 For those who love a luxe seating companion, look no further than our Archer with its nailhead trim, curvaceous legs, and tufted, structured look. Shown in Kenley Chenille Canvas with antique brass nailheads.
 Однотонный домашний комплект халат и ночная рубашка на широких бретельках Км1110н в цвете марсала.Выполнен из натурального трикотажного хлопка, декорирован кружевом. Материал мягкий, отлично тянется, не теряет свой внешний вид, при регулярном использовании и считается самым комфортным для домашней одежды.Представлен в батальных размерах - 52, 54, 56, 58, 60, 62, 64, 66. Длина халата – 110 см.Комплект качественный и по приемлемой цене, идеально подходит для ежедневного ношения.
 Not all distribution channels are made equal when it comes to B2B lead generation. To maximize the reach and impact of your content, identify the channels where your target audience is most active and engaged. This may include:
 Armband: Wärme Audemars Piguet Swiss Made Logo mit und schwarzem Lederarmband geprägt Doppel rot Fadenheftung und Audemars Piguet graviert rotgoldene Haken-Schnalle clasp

* * *

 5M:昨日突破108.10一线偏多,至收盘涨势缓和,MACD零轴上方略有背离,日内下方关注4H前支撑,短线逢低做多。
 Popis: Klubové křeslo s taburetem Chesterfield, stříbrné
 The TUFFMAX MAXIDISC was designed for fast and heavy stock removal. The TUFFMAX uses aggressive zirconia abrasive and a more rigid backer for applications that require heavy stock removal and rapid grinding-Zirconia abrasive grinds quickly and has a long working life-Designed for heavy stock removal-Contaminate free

ASSIGNED TASK: In your answer, include only the lines above starting at the line that holds "For those who" and ending at the line that holds "Armband: Wärme Audemars", copied exactly.

SOLUTION FOR THIS TASK:
 For those who love a luxe seating companion, look no further than our Archer with its nailhead trim, curvaceous legs, and tufted, structured look. Shown in Kenley Chenille Canvas with antique brass nailheads.
 Однотонный домашний комплект халат и ночная рубашка на широких бретельках Км1110н в цвете марсала.Выполнен из натурального трикотажного хлопка, декорирован кружевом. Материал мягкий, отлично тянется, не теряет свой внешний вид, при регулярном использовании и считается самым комфортным для домашней одежды.Представлен в батальных размерах - 52, 54, 56, 58, 60, 62, 64, 66. Длина халата – 110 см.Комплект качественный и по приемлемой цене, идеально подходит для ежедневного ношения.
 Not all distribution channels are made equal when it comes to B2B lead generation. To maximize the reach and impact of your content, identify the channels where your target audience is most active and engaged. This may include:
 Armband: Wärme Audemars Piguet Swiss Made Logo mit und schwarzem Lederarmband geprägt Doppel rot Fadenheftung und Audemars Piguet graviert rotgoldene Haken-Schnalle clasp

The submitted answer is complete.